The result should be an exact copy of the data, free of pictures.

__DATA__:
----------------------------------------

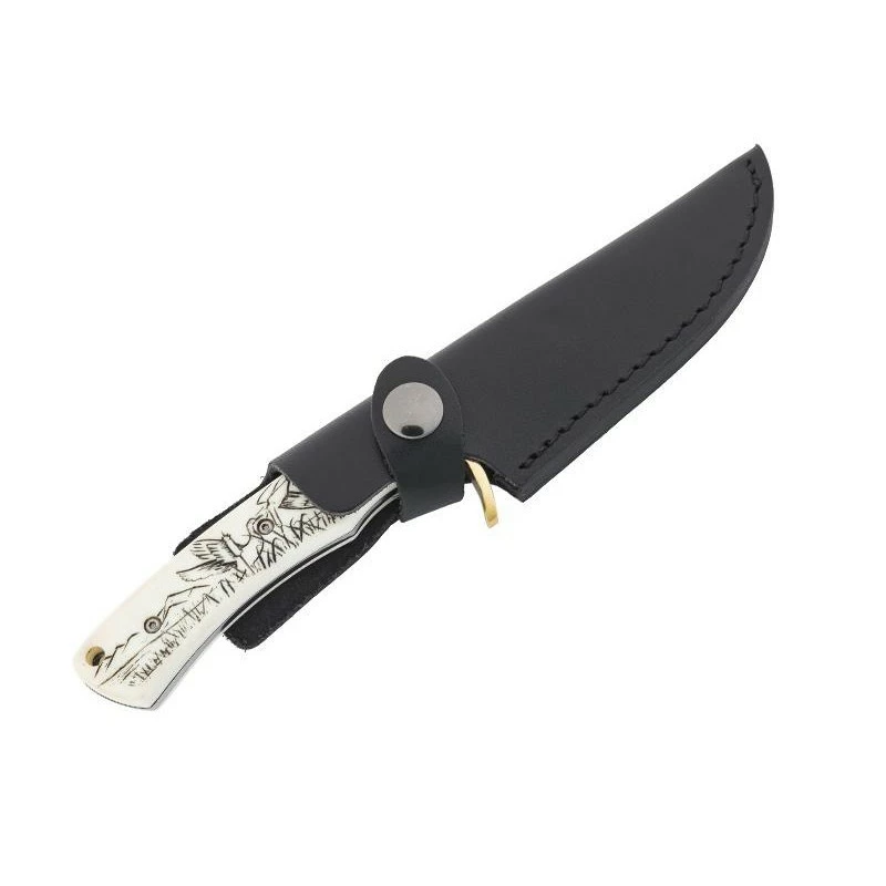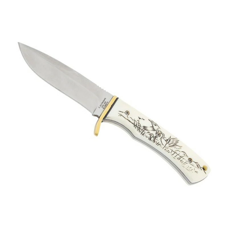 Ce modèle Herbertz 596210 est un poignard de chasse vendu à un tarif attractif. Il est muni d’une poignée faite de matériau plastique imitant l’ivoire, il s’agit d’ivoirine. Ce même manche est décoré d’un motif canard façon scrimshaw, une technique artisanale très prisée des chasseurs dans l’ancien temps. Procurant un grand confort de prise en main, la poignée est aussi à l’origine d’une excellente transportabilité via le trou pour cordon. Le poignard Herbertz possède une lame pleine soie mesurant 10cm de longueur, avec une fabrication en acier inoxydable 420. Une garde de sécurité en laiton doré fait en sorte que la main ne vienne pas glisser pendant l’usage, une sécurité à toute épreuve. Ce couteau de chasse à lame fixe est livré avec son étui en cuir noir dont la fermeture se réalise par bouton pression. Existe aussi avec décoration cerf.
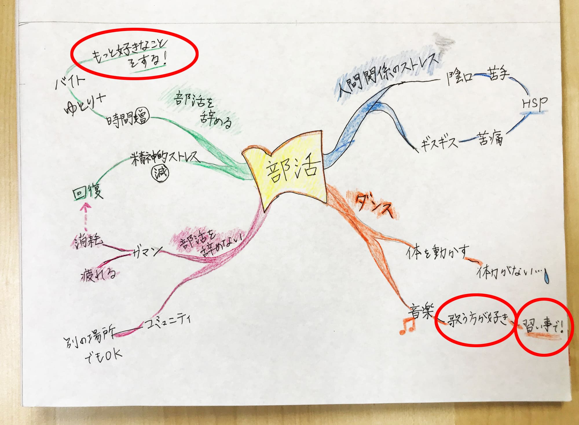 この図では、「ストレス」「悩み」「やりたいこと」などについて思考を広げていった結果、左上と右下の赤い丸で囲んだように、「ダンス部をやめて、学校の外で歌を習う」という解決策に至りました。
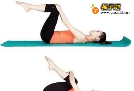 2. 呼气,双手抱膝将膝盖向胸部方向拉。这个时候抬起臀部离开地面,要尽最大可能去抬起臀部。深呼吸,在用力将膝盖向胸部拉的状态下保持住姿势,然后慢慢回到开始姿势。共反复5组。
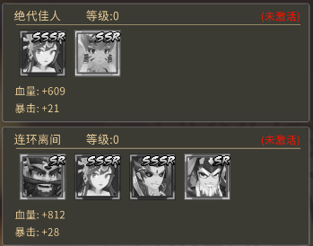 在羁绊方面,可以说是非常难凑齐,因为首先第二层的羁绊需要吕布!这个是高级VIP才有的,当然也可以通过部分活动获得,而第一层的祝融比较容易获得,不算太难。

----------------------------------------

__ANSWER__:
 Ce modèle Herbertz 596210 est un poignard de chasse vendu à un tarif attractif. Il est muni d’une poignée faite de matériau plastique imitant l’ivoire, il s’agit d’ivoirine. Ce même manche est décoré d’un motif canard façon scrimshaw, une technique artisanale très prisée des chasseurs dans l’ancien temps. Procurant un grand confort de prise en main, la poignée est aussi à l’origine d’une excellente transportabilité via le trou pour cordon. Le poignard Herbertz possède une lame pleine soie mesurant 10cm de longueur, avec une fabrication en acier inoxydable 420. Une garde de sécurité en laiton doré fait en sorte que la main ne vienne pas glisser pendant l’usage, une sécurité à toute épreuve. Ce couteau de chasse à lame fixe est livré avec son étui en cuir noir dont la fermeture se réalise par bouton pression. Existe aussi avec décoration cerf.
 この図では、「ストレス」「悩み」「やりたいこと」などについて思考を広げていった結果、左上と右下の赤い丸で囲んだように、「ダンス部をやめて、学校の外で歌を習う」という解決策に至りました。
 2. 呼气,双手抱膝将膝盖向胸部方向拉。这个时候抬起臀部离开地面,要尽最大可能去抬起臀部。深呼吸,在用力将膝盖向胸部拉的状态下保持住姿势,然后慢慢回到开始姿势。共反复5组。
 在羁绊方面,可以说是非常难凑齐,因为首先第二层的羁绊需要吕布!这个是高级VIP才有的,当然也可以通过部分活动获得,而第一层的祝融比较容易获得,不算太难。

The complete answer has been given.